Let $X_1,X_2,\ldots,X_n$ be i.i.d $\text{P}(\lambda)$ random variables where $\lambda(>0)$ is unknown. Define $$\bar X=\frac{1}{n}\sum_{i=1}^n X_i\qquad,\qquad S^2=\frac{1}{n-1}\sum_{i=1}^n(X_i-\bar X)^2$$ as the sample mean and sample variance respectively.
Since $\sum_{i=1}^n X_i$ and hence $\bar X$ is a complete sufficient statistic for $\lambda$ such that $E(\bar X)=\lambda$, $\bar X$ is the uniformly minimum variance unbiased estimator (UMVUE) of $\lambda$ by the Lehmann-Scheffe theorem. Again, $E(S^2)=\lambda$, so that $E(S^2\mid \bar X)$ is also the UMVUE of $\lambda$. As UMVUE is unique whenever it exists, it must be that $$E(S^2\mid \bar X)=\bar X$$
The question is:
How can I directly show that $E(S^2\mid \bar X)=\bar X$ ?

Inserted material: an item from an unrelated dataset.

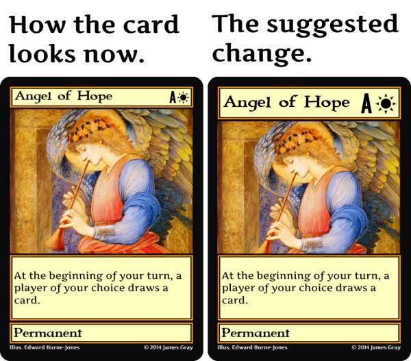 There are three reasons that I would prefer not to change the card frame other than the fact that I feel like they are okay as they are currently. One, it would take some work to change all the cards in these ways. Two, I have already been promoting the game using the current templates. Three, anyone who prefers the current templates would be disappointed if they were changed.
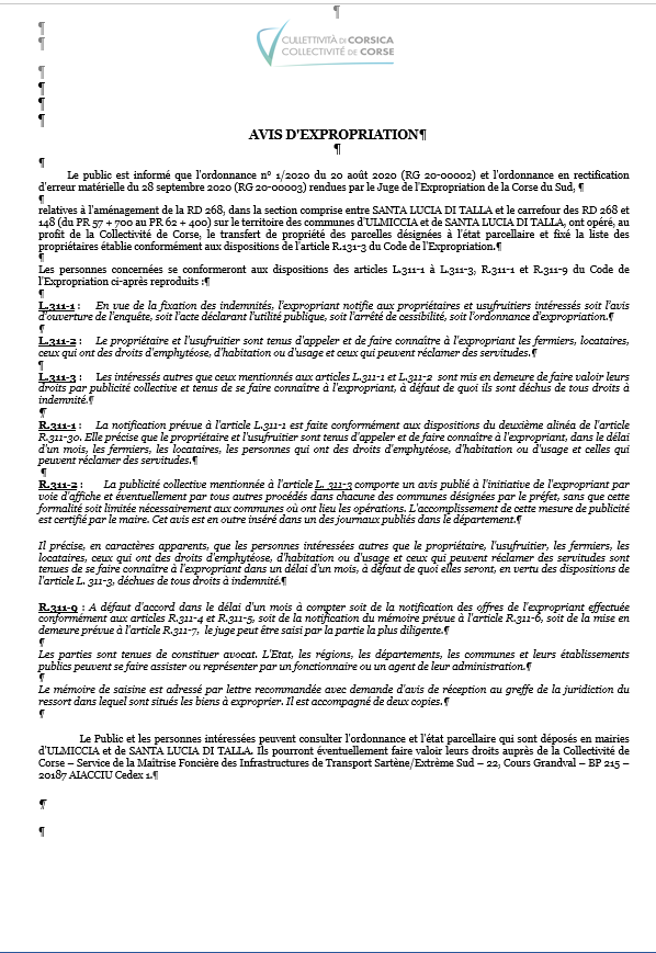 Avis d'expropriation-Santa Lucia di Tallà (Corse-du Sud)

I don't see how to proceed from
\begin{align} E(S^2\mid \bar X=t)&=E\left[\frac{1}{n-1}\sum_{i=1}^n(X_i-t)^2\mid \bar X=t\right] \\&=E\left[\frac{1}{n-1}\left(\sum_{i=1}^nX_i^2-nt^2\right)\mid \bar X=t\right] \\&=E\left[\frac{1}{n-1}\sum_{i=1}^nX_i^2\mid \bar X=t\right]-E\left[\frac{nt^2}{n-1}\mid \bar X=t\right] \\&=\frac{1}{n-1}\sum_{i=1}^nE\left(X_i^2\mid \bar X=t\right)-\frac{n}{n-1}E(\bar X^2\mid \bar X=t)\tag{1} \end{align}
Any hint would be great.
As correctly pointed out by Mike Earnest, the conditional distribution of $(X_1,X_2,\cdots,X_n)\mid \bar X$ is multinomial. That is, for a natural number $k$,
$$P\left(X_1=x_1,\cdots,X_n=x_n\mid \bar X=\frac{k}{n}\right)=\frac{k!}{x_1!\,x_2!\cdots x_n!}\left(\frac{1}{n}\right)^{x_1}\left(\frac{1}{n}\right)^{x_2}\cdots\left(\frac{1}{n}\right)^{x_n}\mathbf1_{x_i\in A}$$
, where $$A=\left\{(x_1,\cdots,x_n)\in\{0,1,\cdots,k\}: \sum_{i=1}^nx_i=k\right\}$$
From this, we have for each $i$, $$V\left(X_i\mid \bar X=t\right)=t\left(1-\frac{1}{n}\right)\qquad,\qquad E\left(X_i\mid \bar X=t\right)=t$$
And for all $i\ne j$, $$E\left(X_iX_j\mid \bar X=t\right)=t\left(t-\frac{1}{n}\right)$$
So,
\begin{align} E\left(X_i^2\mid \bar X=t\right)&=V\left(X_i\mid \bar X=t\right)+\left[E\left(X_i\mid \bar X=t\right)\right]^2 \\&=\frac{t}{n}(n+nt-1) \end{align}
Also, as expected,
\begin{align} E\left(\bar X^2\mid \bar X=t\right)&=E\left[\frac{1}{n^2}\sum_{i=1}^n\sum_{j=1}^nX_iX_j\mid \bar X=t\right] \\&=\frac{1}{n}E\left(X_1^2\mid \bar X=t\right)+\frac{1}{n^2}\sum_{i\ne j}E\left[X_iX_j\mid \bar X=t\right] \\&=\frac{1}{n}\cdot\frac{t}{n}(n-1+nt)+\frac{2}{n^2}\binom{n}{2}t\left(t-\frac{1}{n}\right) \\&=t^2 \end{align}
So from $(1)$ I finally get,
\begin{align} E(S^2\mid \bar X=t)&=\frac{n}{n-1}\cdot\frac{t}{n}(n+nt-1)-\frac{n}{n-1}\cdot t^2 \\&=t \end{align}
Hence proved.
(Thanks to Mike Earnest in particular.)